Mean :2016-07-01 Mean :17.011 Mean :26.12 Mean :22.19
3rd Qu.:2016-10-01 3rd Qu.:21.384 3rd Qu.:30.96 3rd Qu.:26.88
Max. :2016-12-31 Max. :31.276 Max. :41.89 Max. :37.50
We see that we have a complete year of measures and different ranges for each sensor. Now it is interesting to see the completeness of the data, we would also like to se its distribution along dates.
dataRaw %>%
group_by(Date) %>%
summarise(Measures = n()) %>%
ggplot(aes(x=Measures)) + geom_histogram()
We confirm that the number of measures is stable during the day.

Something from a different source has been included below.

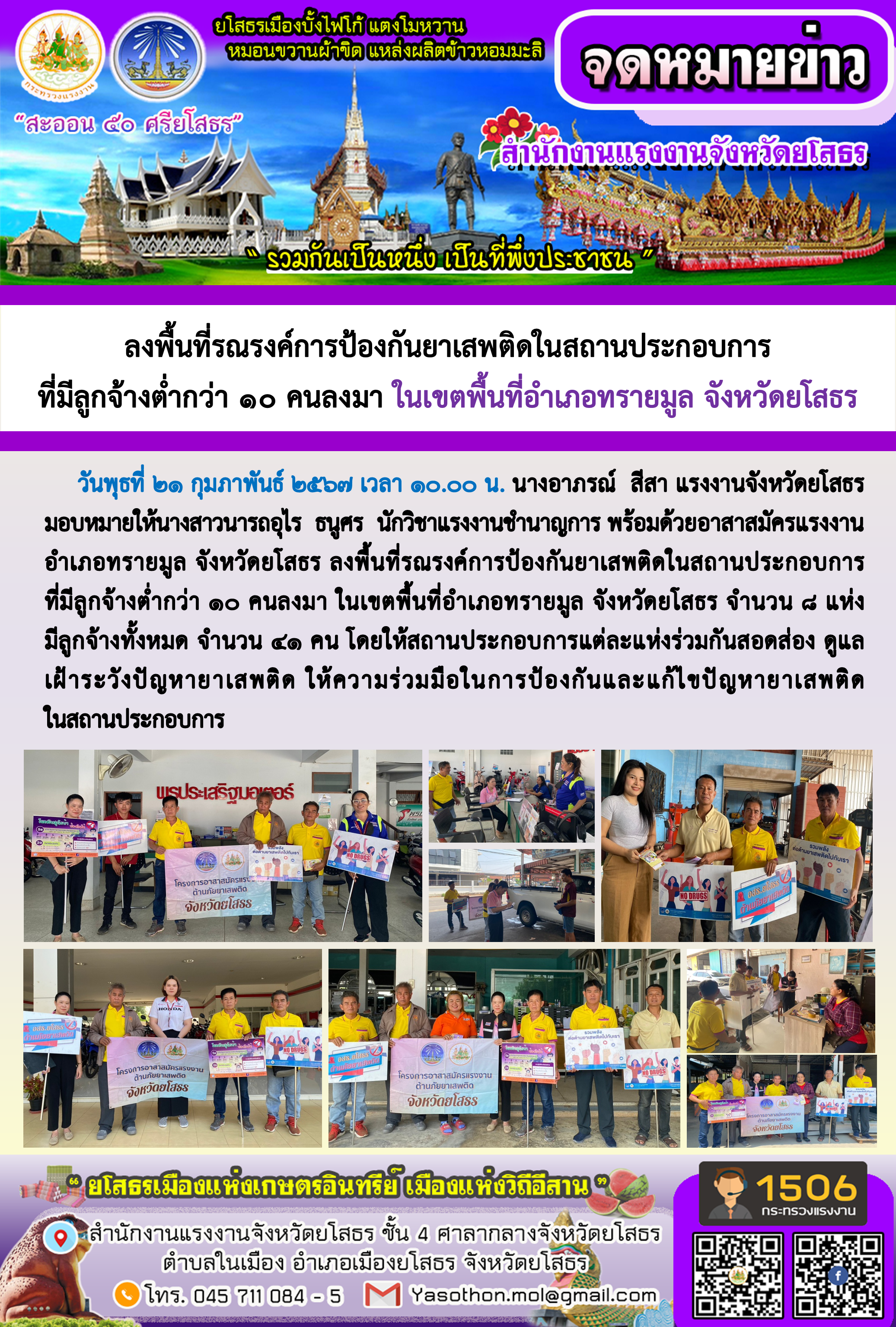 สรจ.ยโสธร ลงพื้นที่รณรงค์การป้องกันยาเสพติดในสถานประกอบการ ที่มีลูกจ้างต่ำกว่า 10 คนลงมา ในเขตพื้นที่อำเภอทรายมูล จังหวัดยโสธร

We would now observe the distribution of the Temperature measures for each sensor.
dataRaw %>%
gather("Sensor", "Measure", TS1, TS2, TS3) %>%
ggplot(aes(x=Date, y=Measure, group=Sensor, color=Sensor)) +
geom_line()
dataRaw %>%
gather("Sensor", "Measure", TS1, TS2, TS3) %>%
ggplot(aes(x=Date, y=Measure, group=Sensor, color=Sensor)) +
geom_smooth()
dataRaw %>%
gather("Sensor", "Measure", TS1, TS2, TS3) %>%
ggplot(aes(x=Date, y=Measure, group=Sensor, color=Sensor)) +
geom_boxplot()
We observe three different distributions for each sensor. Visually they appear to be some linear variation, in fact, a simple additive relationship that could be modelled by adding a scalar intercept value. This dependency relationship can be modelled in a BN, but, what is the best way to do it?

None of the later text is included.